Наверно, именно тогда я и слилась в единое целое с этим домом. Он стал моей кожей, моим панцирем, моей крепостью. Он слышал и видел все мои секреты.
Как и мои родители, я была единственным ребенком в семье. Когда я потеряла маму, то осталась вдвоем с отцом. Когда-то я отчаянно тосковала по большой семье, с братьями, сестрами, кузенами и кузинами, тетушками, дядюшками. Но теперь я довольна, что из семьи больше никого не осталось – только дом и я.
Не знаю, вложил ли мой дед душу в постройку этого дома, но хочется верить, что да. Я стараюсь думать, что он построил этот замечательный дом из любви к единственному сыну, потому что хотел подарить ему чудесный вид на окрестные просторы, и душистые луга, усыпанные цветами, и плодородные поля, на которых росли картофель и васильки, и густые леса, дарившие запасы дров на зиму. Да, мне хочется верить, что дом дед выстроил из любви. Деда я совсем и не знала, он умер до моего рождения. И мне неведомо, огорчила бы его участь, постигшая этот дом, его подарок. Расстроился бы дед, узнав, что его единственный сын не стал фермером и не любил землю и что деньги утекали из его изнеженных рук, точно вода? Огорчило бы деда, что его единственной внучке остался лишь ветшающий дом? Мне-то кажется, что все идет своим чередом, иссякает, движется к концу, и это правильно.

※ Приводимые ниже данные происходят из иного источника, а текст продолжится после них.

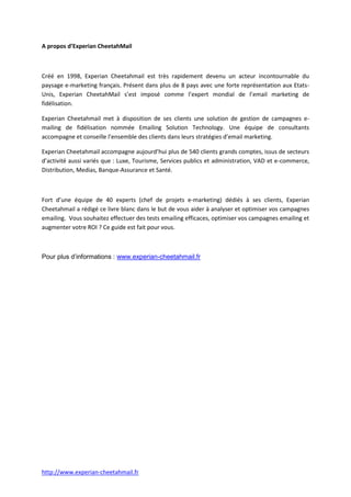 Le guide d'Experian CheetahMail fournit des bonnes pratiques pour l'optimisation des campagnes emailing à travers des tests méthodiques. Malgré leur efficacité prouvée, de nombreux marketers négligent de réaliser des tests, ce qui peut entraîner des pertes d'opportunités. Le document propose des conseils sur la mise en place de tests à court et long terme, ainsi que des exemples pratiques pour améliorer les performances des campagnes emailing.

Но когда и где было начало, исток? Все эти годы, лелея память о маме, я, кажется, считала истоком тот летний день и ее прощальный взгляд, то, как она уселась в коляску, не обернувшись. Да, тот день положил конец всему хорошему, что я знала, тот день оборвал саму жизнь. В тот день началось мое вековечное одиночество. А теперь я размышляю, ворошу прошлое и думаю – а вдруг никаких этих поворотных вех и рубежей нет? Начала и концы – нечто неопределенное, зыбкое, они сдвигаются и переплетаются, и в этих длинных цепочках событий какие-то звенья обретают значение и важность, а другие – мимолетны и тают, испаряясь из памяти, но на самом деле все они одинаково весомы. И то, что кажется решающим мгновением, – всего лишь звено, соединяющее прошлое и будущее.
Глава 6
Астрид затихла столь же внезапно, как и заговорила, и они обе вновь молчали в неподвижности – старуха лежала на спине, а Вероника сидела, обхватив колени, и смотрела на реку. Вероника не знала, бодрствует Астрид или спит. Глаза закрыты, грудь мерно вздымается в такт дыханию, руки все так же сложены крест-накрест. Наконец разморило и Веронику, она прилегла, зажмурилась и задремала. Она сама не поняла, сколько проспала, а потом резко пробудилась и увидела, что Астрид стоит у самой кромки реки, сцепив руки за спиной, и смотрит на воду. На поляну уже наползла тень, солнце ушло. Вероника поднялась, застегнула куртку, стряхнув с нее прилипшие листья и травинки, и, не сговариваясь, они с Астрид двинулись в обратный путь. Они вновь шли молча, и каждая размышляла о своем. Вот свернули на проселочную дорогу, миновали местную лавку. Вероника спросила:
– Вам ничего не надо купить?
Астрид покачала головой, и они зашагали дальше.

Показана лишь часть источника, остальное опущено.